Although times have changed, safety may still be on the minds of Black travelers, and patronizing a Black-owned business can assuage worries.

Beyond simple listings of selected businesses, the guides have another thing in common: both The Green Book and National Black Guide foster the possibility of making a visit to a new city more enjoyable. Where The Green Book offered travel essays and travel tips, National Black Guide features destination-related news, such as the Delaware Art Museum’s “Afro-American Images 1971: The Vision of Percy Ricks” exhibition on the Delaware page. And today’s content can be accessed with a mobile device, a tool a traveler from the Jim Crow era couldn’t have imagined.

Dave Coker, Proprietor of DAV/Mark, Inc., a marketing and events company in Delaware that regularly uses National Black Guide for Delaware promotions, calls the guide “an excellent source for traveling and being able to patronize businesses that you would normally never know anything about.”

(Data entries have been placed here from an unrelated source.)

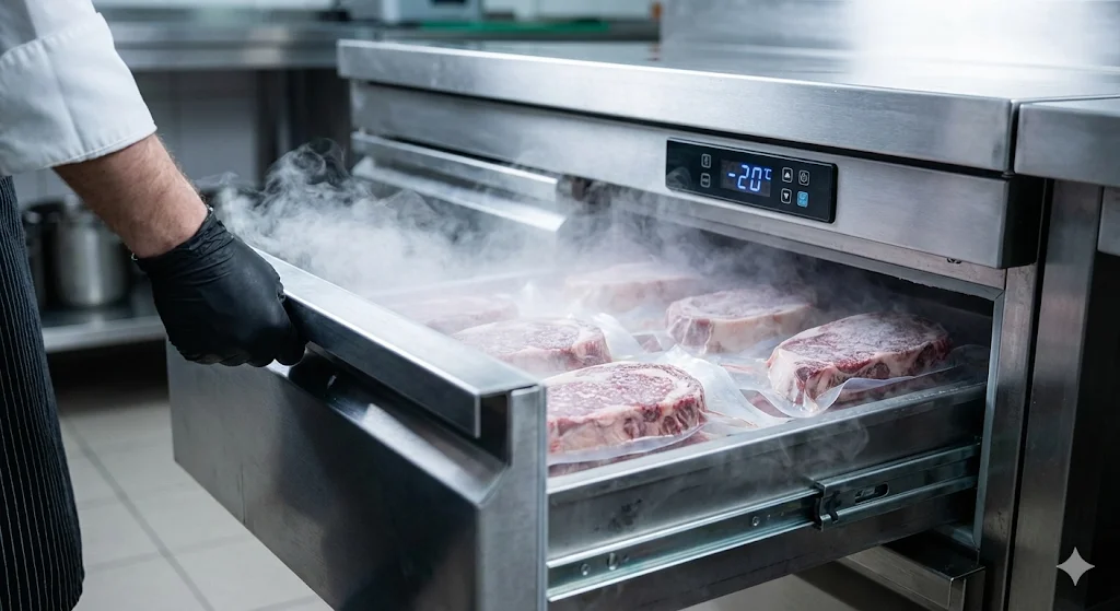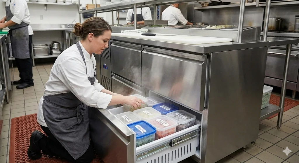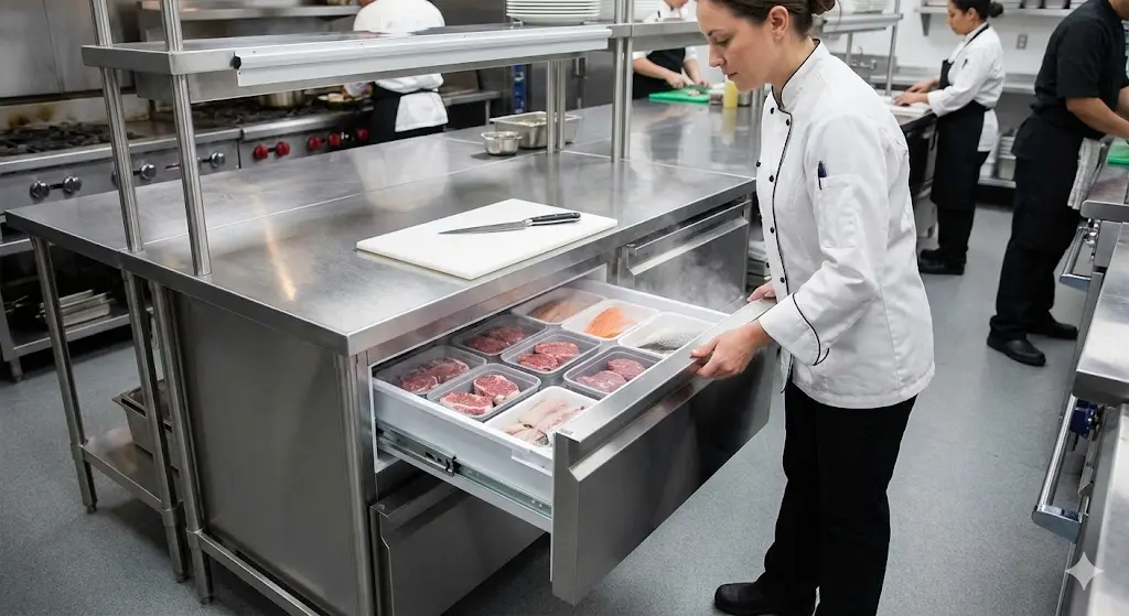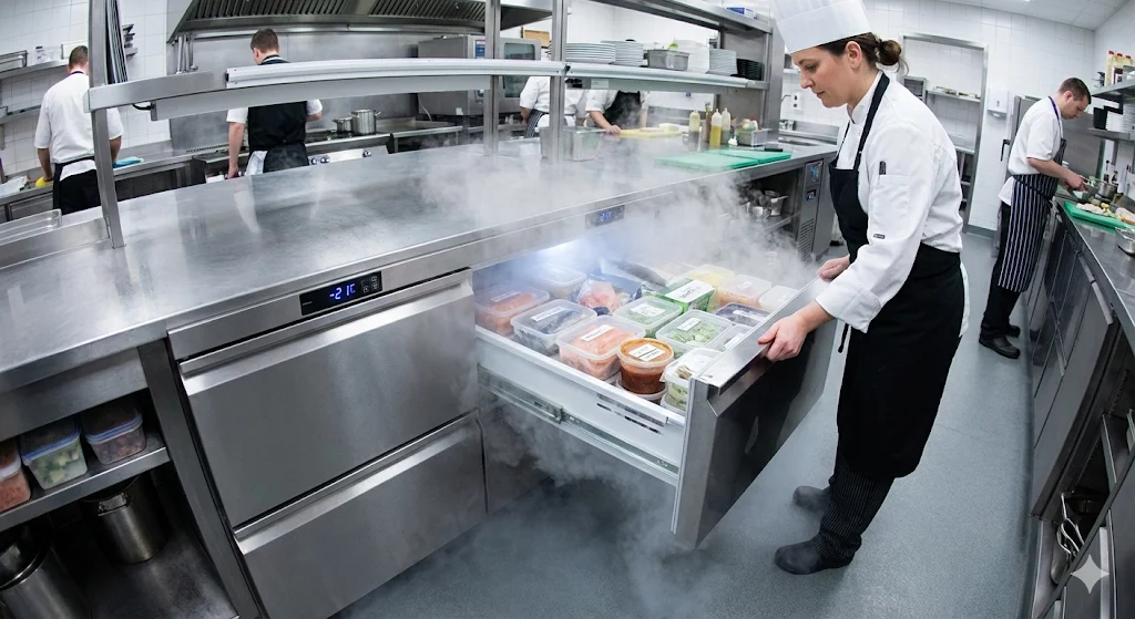 또한, 조리대 바로 아래에 서랍형 냉동고를 배치하면 조리사가 제자리에서 필요한 냉동 식품을 즉시 꺼낼 수 있어 동선 낭비가 거의 없습니다.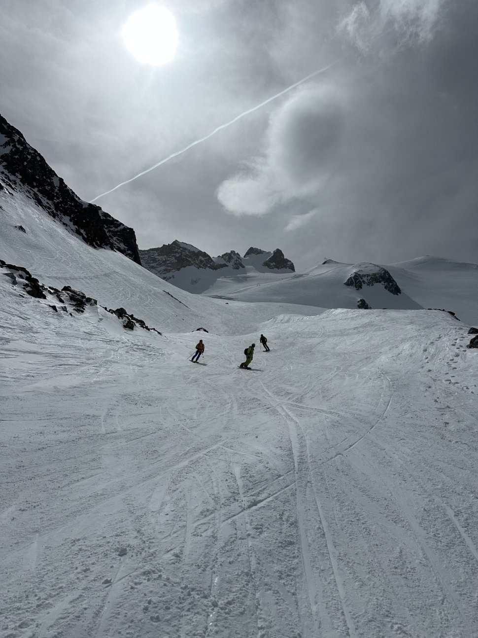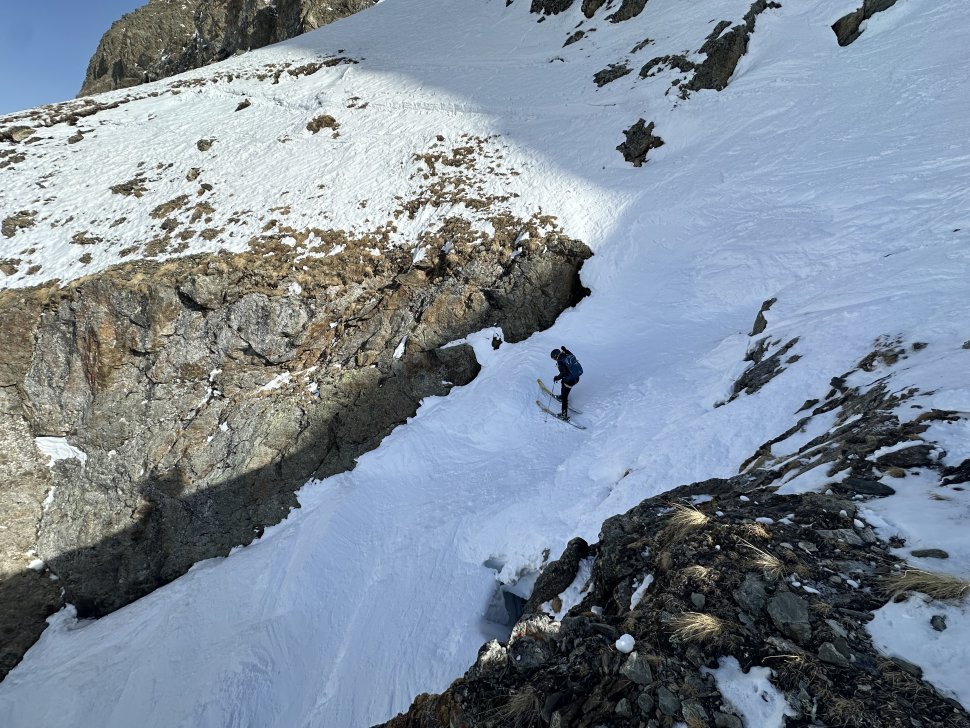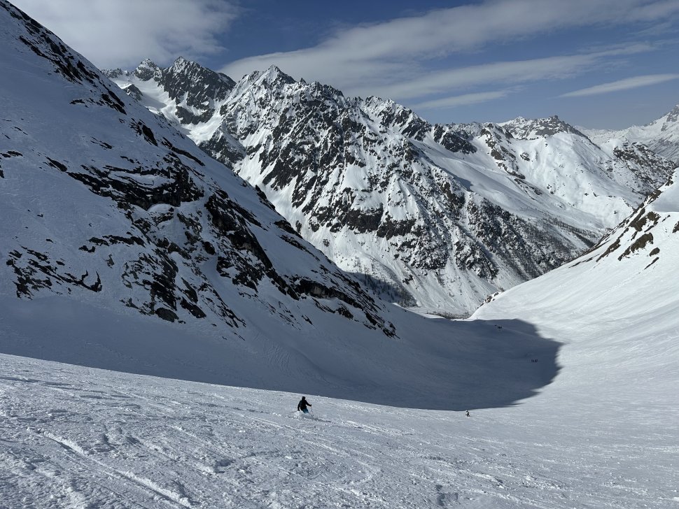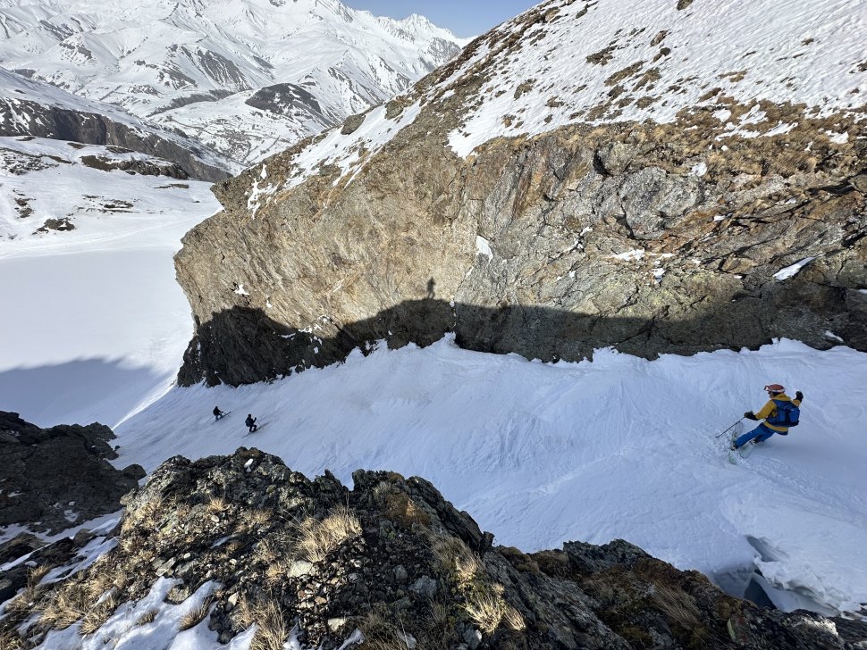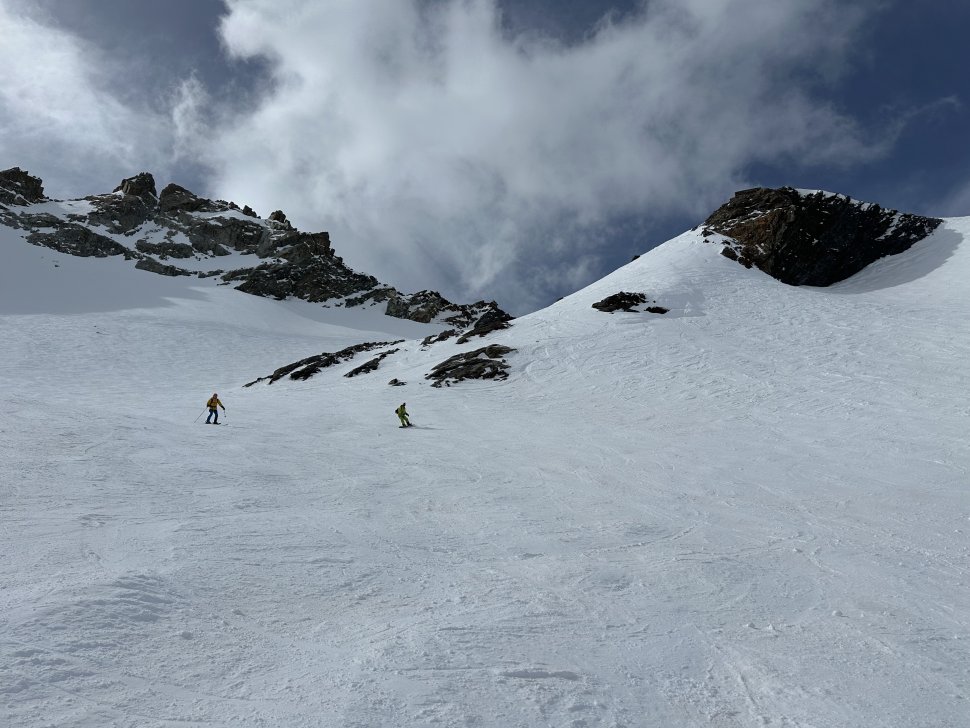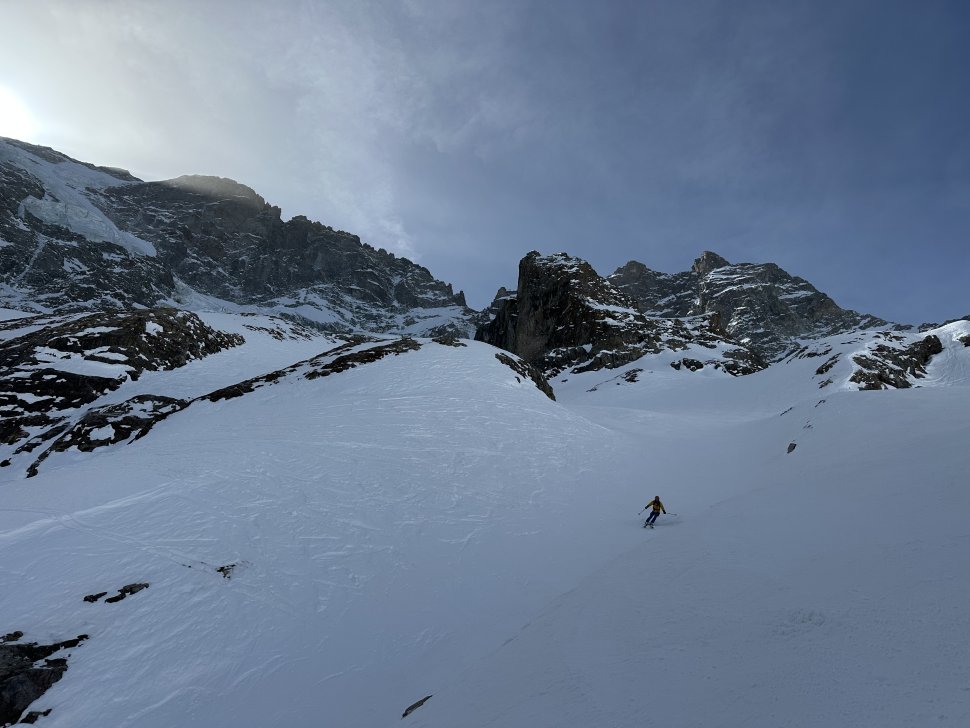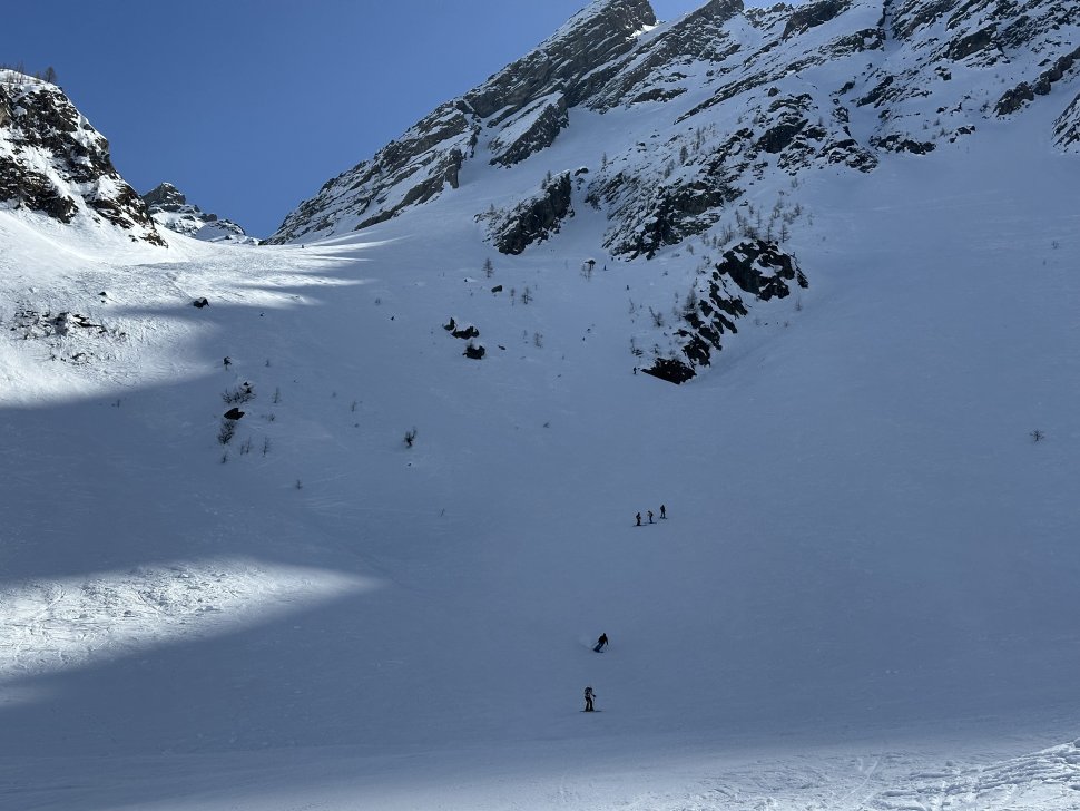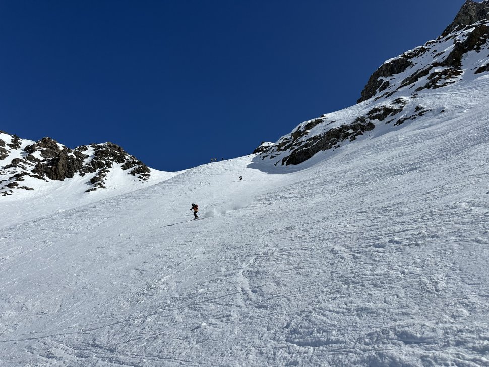 Depuis l’entrée, le couloir plonge droit sous les spatules. La neige est compacte, rassurante. Les premiers virages sont prudents, précis. Puis le rythme vient naturellement : virage sauté, contrôle, respiration, et encore un virage. En bas, on s’arrête tous quelques secondes. Les regards se croisent, mélange d’adrénaline et de sourire silencieux.
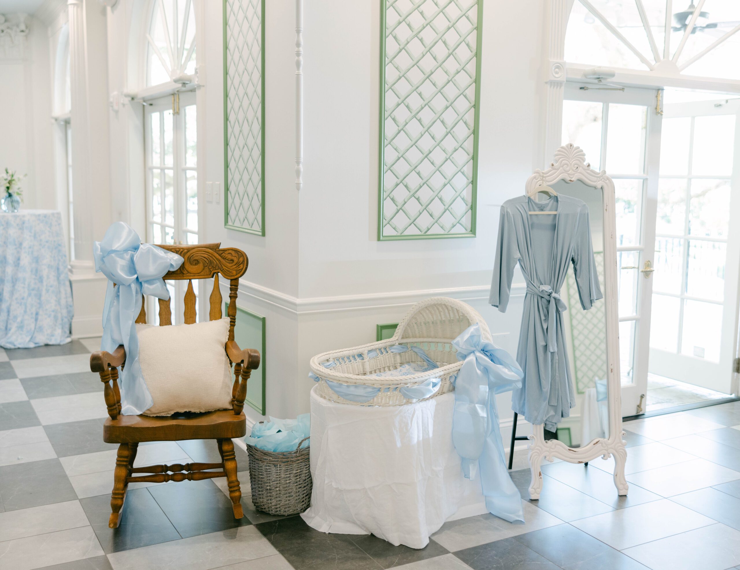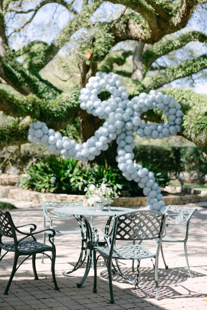 Badon has a deep love for a classic, traditional aesthetic, which Quick brought to this event through soft blues, custom watercolored bunny details and bows. “The focal point of the shower was the big bow made of blue balloons on the tree outside,” Quick notes. Sentimental details made the party even sweeter. Most notably, Badon opened presents from the rocking chair that belonged to her late grandmother, who passed away just a few months before the party.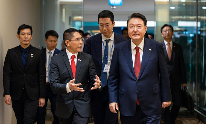 윤 대통령은 정상회담에 앞서 타르만 샨무가라트남 대통령과도 면담한다.

National Black Guide continues to find ways to add value for its users, with recent stories about accessing Paycheck Protection Program (PPP) loans, vaccines, and unemployment benefits.

Young does it all on a shoestring: his staff consists of himself and two interns — for a media outlet that has more than 6,000 businesses with listings and a million users.

While National Black Guide is now international in its reach, Young sees plenty of potential right here at home. “There are a lot of Black businesses that are starting in Wilmington,” he says, “and we hope to partner with them to give them more visibility.”